Deux problèmes se posent cependant :
1) Les ethnies les plus nombreuses peuvent-elles accepter de renoncer à un pouvoir fondé sur le « One man, one vote » qui leur garantit pour l’éternité une rente de situation tirée de leur démographie dominante ?
2) Les gardiens occidentaux du dogme démocratique pourront-ils accepter cette révolution culturelle sapant les fondements de leur propre philosophie politique ?
[1] La première ayant été traitée dans un précédent numéro de l’Afrique Réelle, c’est à la seconde que cet éditorial est consacré.
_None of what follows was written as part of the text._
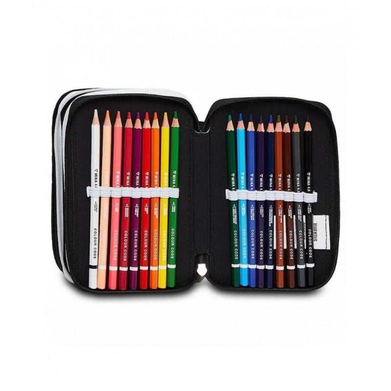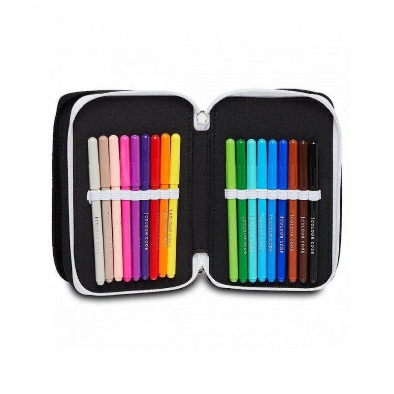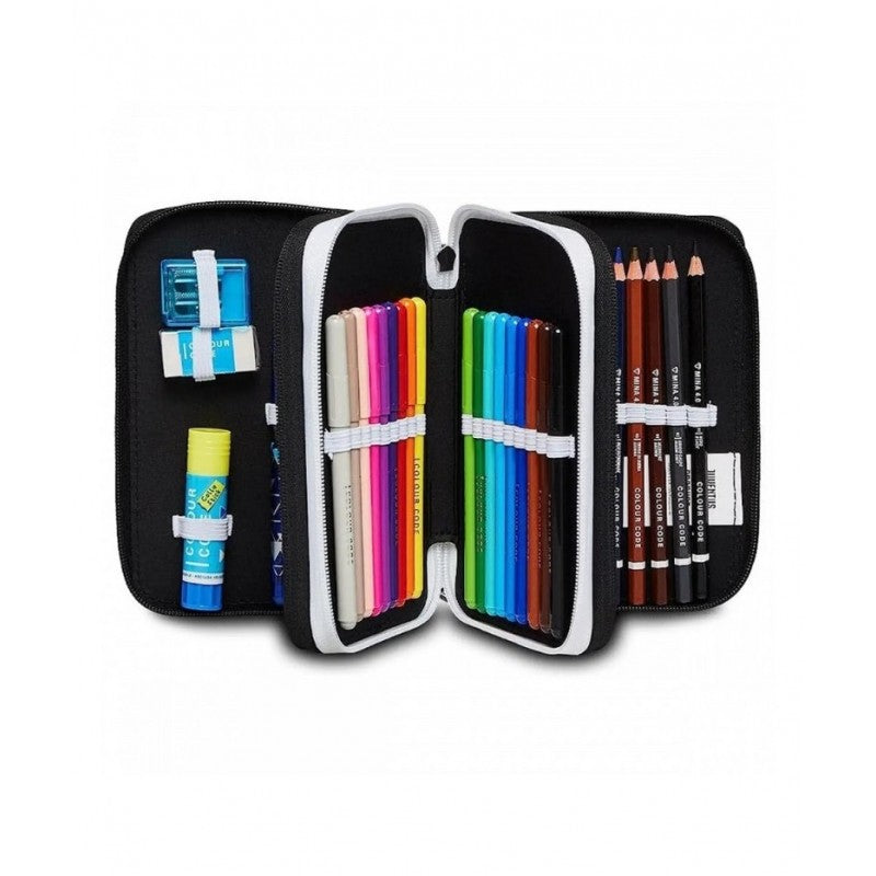 L'astuccio è dotato di una pratica apertura a 3 scomparti con cerniera, che consente di organizzare i materiali in modo ordinato e separato.

[2] Bernard Lugan Les Guerres d’Afrique, Le Rocher, 2013. Prix de l’UNOR (Union nationale des Officiers de réserve).
Source Novopress
La démocratie -à laquelle je suis profondément attaché- ne peut qu’être le produit d’une très lente maturation des peuples, hors du tribalisme. Elle suppose par conséquent un haut degré de civilisation et une homogénéité des peuples. C’est pourquoi elle ne concernait que quelques milliers de Grecs à Athènes, et de Romains à Rome. C’est pourquoi elle n’existe plus aux États-Unis, comparativement à l’état de faits analysé, avec quel brio, par Tocqueville au XIXe. C’est pourquoi elle ne peut exister en Europe, à l’exception de la Suisse, et encore pour combien de temps ? L’EU est exactement le contraire de la démocratie, et partout où il existe un État sortant de ses trois rôles régaliens, la démocratie n’est qu’une façade, qu’un mot.
Au moins en avons-nous les dehors formels. Pour l’Afrique, c’est vraiment une impossibilité, et de grands Africains le savaient : Senghor, Houphouët-Boigny, Harap-Moï, car la structure tribale a survécu au colonialisme. Aussi, l’idée de vouloir imposer partout sans analyse la démocratie est-elle parfaitement loufoque. Dans le cas de l’Afrique, en raison des oppositions ethniques et tribales, des découpages au cordeau opérés par la conférence de Berlin en 1885 et du maintien de ce découpage idiot lors des indépendances, mais aussi du grand hiatus existant entre ces sociétés et les sociétés “avancées” de l’Occident, la démocratie est tout simplement impossible. Vouloir l’imposer, c’est évidemment mettre en oeuvre la dictature du nombre, de la “majorité”, alors que précisément les “minorités” y sont irréductibles. La démocratie ne s’exporte pas et ne se greffera jamais sur le tribalisme. Tout ce que l’on gagne à cet essai stupide, c’est la guerre et les “réfugiés”.